Para contextualizar, na virada do ano, o mercado previa início do ciclo de cortes de juros nos EUA já no primeiro trimestre, com queda de 1 ou 1,25 ponto percentual para as Fed Funds em 2024. Em abril, o sentimento era radicalmente diferente, com pouca clareza do espaço para a flexibilização monetária e parte do mercado antecipando até mesmo novas altas. A partir do CPI de junho, a neblina se dissipou, e as projeções agora apontam fortemente para um início de cortes em setembro e entre 2 e 3 cortes ainda este ano.
Com isso, a curva de juros fechou, indicando taxas mais baixas no futuro. O mercado reagiu derrubando as ações que estavam “carregando o rali recente nas costas” (ou seja, as grandes responsáveis pelas altas da bolsa nos últimos 18 meses: big techs) e levando um enorme fluxo para papéis até então “esquecidos”, como small caps e setores muito sensíveis a juros, especialmente o imobiliário. O Russell 2000, principal índice de Small Caps, subiu mais de 6% na semana, e, entre os ETFs setoriais, os que acompanham o mercado imobiliário foram os de melhor desempenho, com altas próximas de 4,5%.
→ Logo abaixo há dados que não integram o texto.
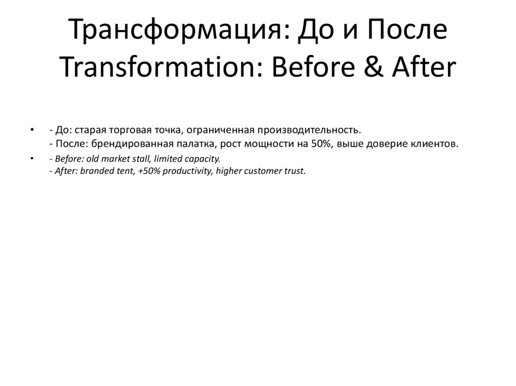 - После: брендированная палатка, рост мощности на 50%, выше доверие клиентов.
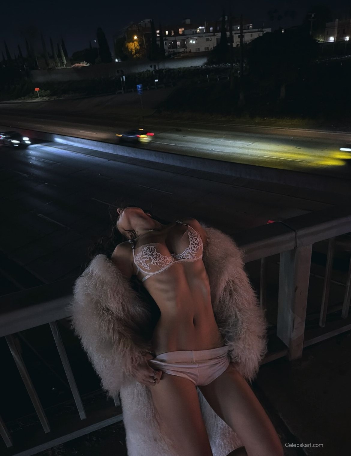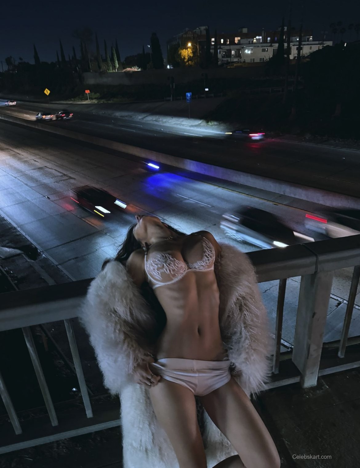 The backdrop features a bustling Los Angeles freeway, which brings life into the photos. The nighttime setting casts a cinematic quality, reminiscent of classic Hollywood glamor. As Ines Trocchia takes center stage, her ensemble becomes a conversation starter among her followers who appreciate her bold stylistic choices and ability to blend contemporary looks with a hint of vintage charm. For more amazing images, see more Ines Trocchia or some event highlights where she’s showcased similar styles.
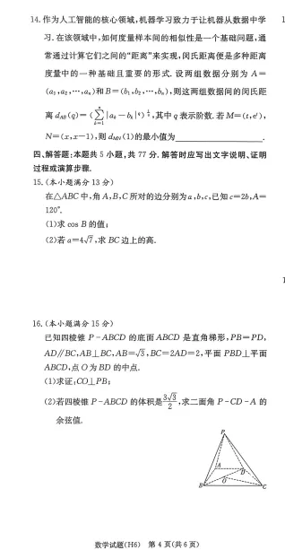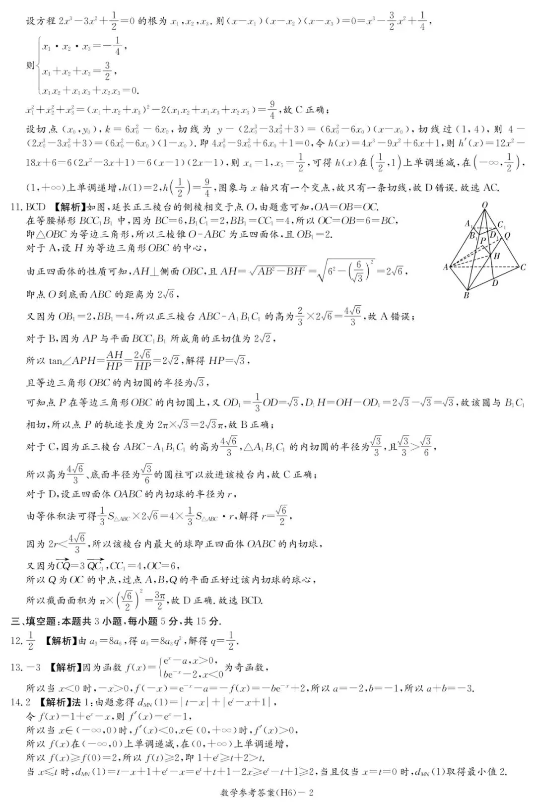 >湖南长沙市雅礼中学2026届上学期高三数学第6次月考试卷及详细答案

Então, as big techs deixaram de ser as únicas cartas do jogo? Ajustes em fundos de investimentos, se afastando das teses de “taxas altas por mais tempo” rumo a mercados descontados, podem manter a bolsa nesse mesmo caminho por algumas semanas. Na renda fixa, aumenta a atratividade de fixar ganhos nas taxas atuais, com chances de capturar valorização quando os cortes de juros se efetivarem.
Mas nada disso é certo. Por ora, seguimos de olho nos dados. Além da própria flexibilização monetária, a manutenção da atividade econômica em níveis saudáveis, fora de um contexto de recessão, é importante para manter o bom desempenho das ações que ficaram para trás nos últimos 18 meses. Os resultados corporativos, que já começaram a ser divulgados, serão um bom termômetro da saúde financeira no micro.